For adolescents, if ibuprofen and acetaminophen are ineffective, a “triptan” agent may be considered. While none of the “triptans” have yet been approved by the FDA for use in adolescents, multiple studies have demonstrated the safety of their use in children.15 Thus far, only the nasal spray forms of sumatriptan (5 and 20 mg) and zolmitriptan (5 mg) have demonstrated efficacy in adolescents.16–19 Oral preparations of sumatriptan, eletriptan, almotriptan, and zolmitriptan have failed to demonstrate convincing efficacy in placebo controlled trials.20 

A diverse group of medications are used to prevent migraine attacks. Their use, however, should be limited to those patients whose headaches occur with sufficient frequency (at least 3 headaches per month), severity, and functional disability to warrant a daily treatment program. It is also useful to identify the presence of comorbid conditions (e.g., depression, obesity, sleep disorders) which may suggest the relative benefit of one agent over another.

Ideally, daily migraine prevention agents should be used for a finite period of time. The general recommendation is to provide treatment through all or part of the school year, then gradually eliminate daily agents during summer vacation. Another option in younger children is to use a shorter course (e.g., 6 to 8 weeks) followed by a slow wean.

While there is an unfortunate lack of controlled data regarding drug therapies for migraine prophylaxis in children, data is beginning to emerge. The use of the many of these agents is based upon anecdotal information or extrapolated adult experiences where Level I data exists for amitryptyline, disodium valproate, propranolol, and timolol with a growing body of literature regarding topiramate.21,22 For preventive treatment in the population of children and adolescents with frequent, disabling migraine, flunarizine (not available in the U.S.) has been the most rigorously studied agent and has the best efficacy (vs. placebo) data.23,24 Currently, the typical first-line choices for migraine prophylaxis are cyproheptadine, non-steroidal anti-inflammatory agents (NSAIDs), antiepileptic medications (topiramate and disodium valproate) and amitryptyline (Table 6).

Table 6.

Preventive treatment options for pediatric migraine

Preventive treatment options for pediatric migraine
Preventive treatment options for pediatric migraine

The antihistamine cyproheptadine has anti-serotonergic and calcium channel blocker properties. While not subjected to controlled trials, clinical experience has found cyproheptadine to be successful in reducing headache frequency and intensity, and has been used widely in younger children. Side effects may include sedation and increased appetite.25 

Naproxen sodium, an NSAID, has been shown to be effective in adolescent migraine in one small series. Gastrointestinal upset limits its use as a prophylactic medication to 2 months duration or less.26 

Antidepressants have become the mainstay of migraine prophylaxis in adults, however, there are few studies in children. The tricyclic antidepressants amitriptyline, nortriptyline, and desipramine are common pediatric choices. Studies show statistically significant headache reduction using amitriptyline, with minimal side effects (primarily sedation).27 Selective serotonin reuptake inhibitors (SSRI) may also be efficacious, particularly if there is coexistent depression; unfortunately, there are no studies in children. Of note, the mechanism of action of antidepressants for preventing migraine headaches is reported to be separate from their designed antidepressant effect. However, as awareness of the common comorbidity of affective disorders and migraine expands, the antidepressant properties may play a more important role.

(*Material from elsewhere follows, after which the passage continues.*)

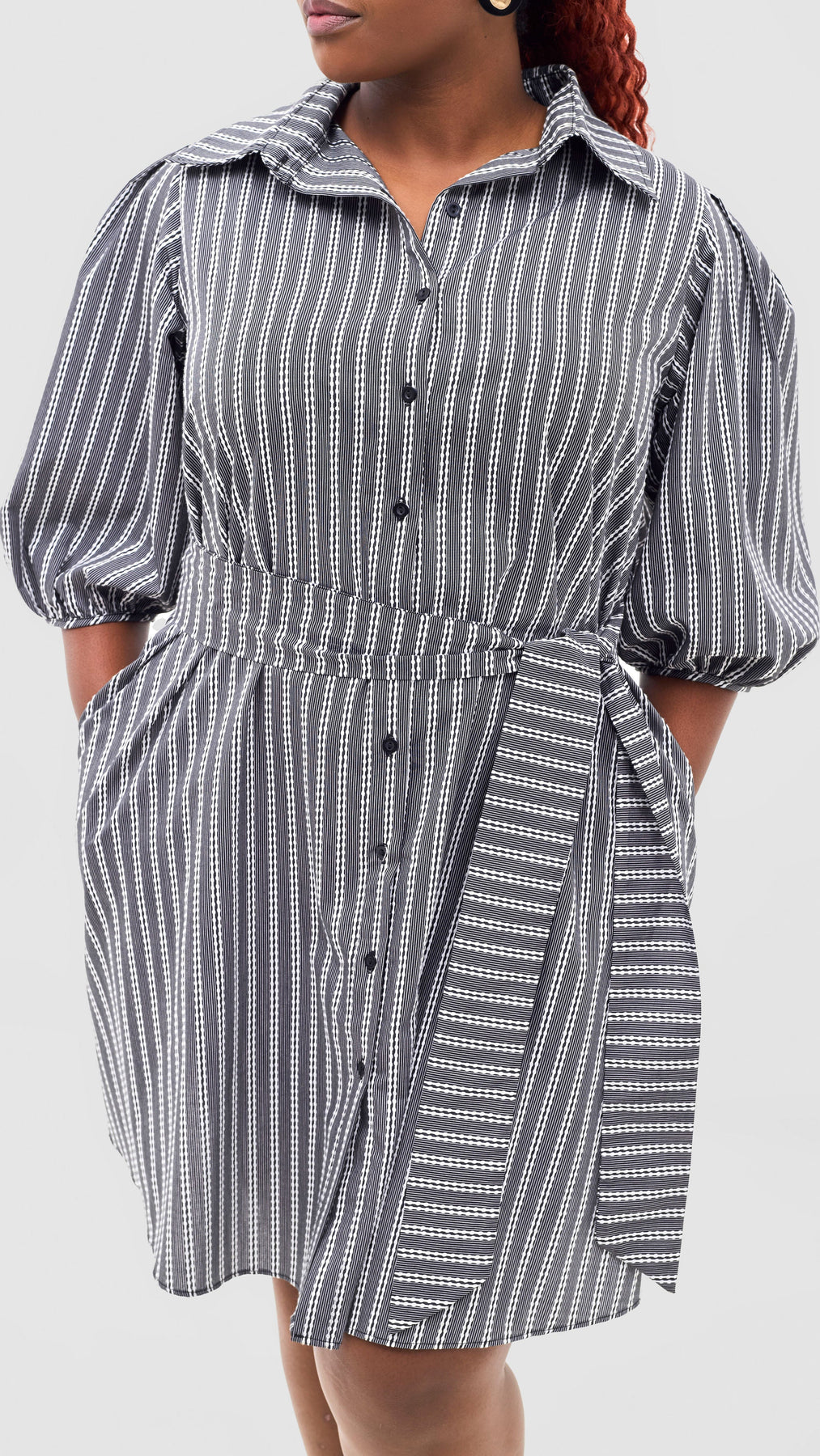 Safari Naledi 3/4 Sleeve Tent Dress - White Polka Stripes

Antiepileptic drugs such as topiramate, disodium valproate, levetiracetam, and gabapentin may have expanding roles for pediatric migraine in the future. The current understanding of migraine pathophysiology demonstrates a migrating wave of regional cortical excitation followed by a prolonged period of neuronal depression, which may be altered by antiepileptics. Numerous retrospective studies show a reduction in headache severity with antiepileptic drugs.28–34 Clearly, more prospective studies are needed in children to assess efficacy and tolerability for use in migraine prevention. Beta-blockers, while often viewed as one of the first-line agents in children, have failed to consistently demonstrate effectiveness in randomized, double-blind studies.

Migraine headache is the most common recurring pain syndrome in childhood and adolescence. Stereotyped attacks of frontal or bitemporal pounding, nauseating headache lasting 1 to 48 hours represent the overwhelming proportion of migraines. The treatment philosophy now embraces a balanced approach with both bio-behavioral interventions and pharmacological measures. Fundamental to treatment decisions is the degree of disability produced by the headaches. Virtually all patients will require an agent such as ibuprofen, acetaminophen, or a “triptan” to treat acute attacks. About 1/3 of patients will have migraine headaches with sufficient frequency and severity to justify the temporary use of preventive medicines. A growing body of controlled pediatric data is beginning to emerge regarding the acute and preventive agents, lessening our dependence upon extrapolated adult data.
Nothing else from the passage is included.